RESULTS: HLA-DRB1*03 was the principal Class II allele associated with the genetic susceptibility to SLE (pc = 0.02; OR = 2.57; CI = [1.39-4.75]; this allele was also associated with anti-SSB production (P = 0.016; OR = 4.00; CI = [1.24-12.96]). HLA-DRB1*01 was significantly more expressed in SLE patients with neurologic disorders (P = 0.013; OR = 20.25; CI = [1.87-219.21]). No allele was found to be protective against SLE in our study group.
CONCLUSION: Our results show that in South Tunisia SLE is associated with HLA-DRB1*03 and that some clinical features of SLE may be influenced by specific DRB1 and DQB1 alleles.

Introduction

Systemic lupus erythematosus (SLE) is the prototype of autoimmune diseases with various presentations from mild to life-threatening multiple organ. The autoimmune process results in the production of autoantibodies directed against components of the cell nucleus such as double-stranded DNA, nucleosome, and Sm protein… After binding to autoantigens, these autoantibodies may settle on organs such as joints, skin, kidneys, heart, lungs, central nervous system, and hematopoietic system. Patients exhibit different combinations of symptoms and laboratory features. The variation of the SLE presentation is due to the interaction of hormonal, environmental, and genetic factors.[1]

In SLE, the search for susceptibility genes has used the candidate gene strategy through case–control association studies and recently genome wide association studies. These studies involved genes implicated either in SLE physiopathology or in the autoimmune response. In this regard, associations between human leukocyte antigens (HLA) and SLE have long been recognized in different ethnic populations and have been suggested to represent the most important association with this autoimmune disease, especially HLA-DRB1 and HLA-DQB1.[2,3]

In Tunisia, one study was conducted on the association between HLA genes and SLE in northern region.[4] As the status of HLA in southern population has previously been demonstrated to be different from the northern one,[5,6] we aimed in this study to search the HLA Class II markers of susceptibility and protection from SLE and to determine the association between HLA subtypes and clinical and serological features in our South Tunisian population.

Material and Methods

Patients and controls

This case–control study was approved by the ethics committee of Habib Bourguiba University Hospital of Sfax, Tunisia. We recruited 75 patients with SLE and 123 healthy controls, from the south of Tunisia. Patients and controls gave written consent to participate.

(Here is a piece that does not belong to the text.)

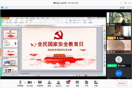 4月15日下午5点30分,信息技术学院党总支学生党支部党员、入党积极分子通过网络平台,在云端开展了“全民国家安全教育日”学习活动。

Patients included in this study fulfilled the American College of Rheumatology criteria for the diagnosis of SLE. An exhaustive information sheet containing clinical and serological features was filled for each patient. We defined a group of patients with severe form (lupus nephritis, pericarditis, pleurisy, and neurologic manifestations).

Serological study

Patients’ sera were analyzed by indirect immunofluorescence technique using Hep2 cells (Biosystem®, Spain) to detect antinuclear antibodies (ANA). Samples with positive fluorescence were then tested for anti-dsDNA on Crithidia luciliae substrate slides (Biosystem®, Spain). The specificities of ANA were determined by immunodot (Euroimmun®, Germany).

Each patient was also assayed for rheumatoid factor; C3 and C4 fractions of complement by nephelemetry, anti-cardiolipin, and anti-β2 glycoprotein I (β2gpI) antibodies by enzyme-linked immunosorbent assay (Orgentec®, Germany).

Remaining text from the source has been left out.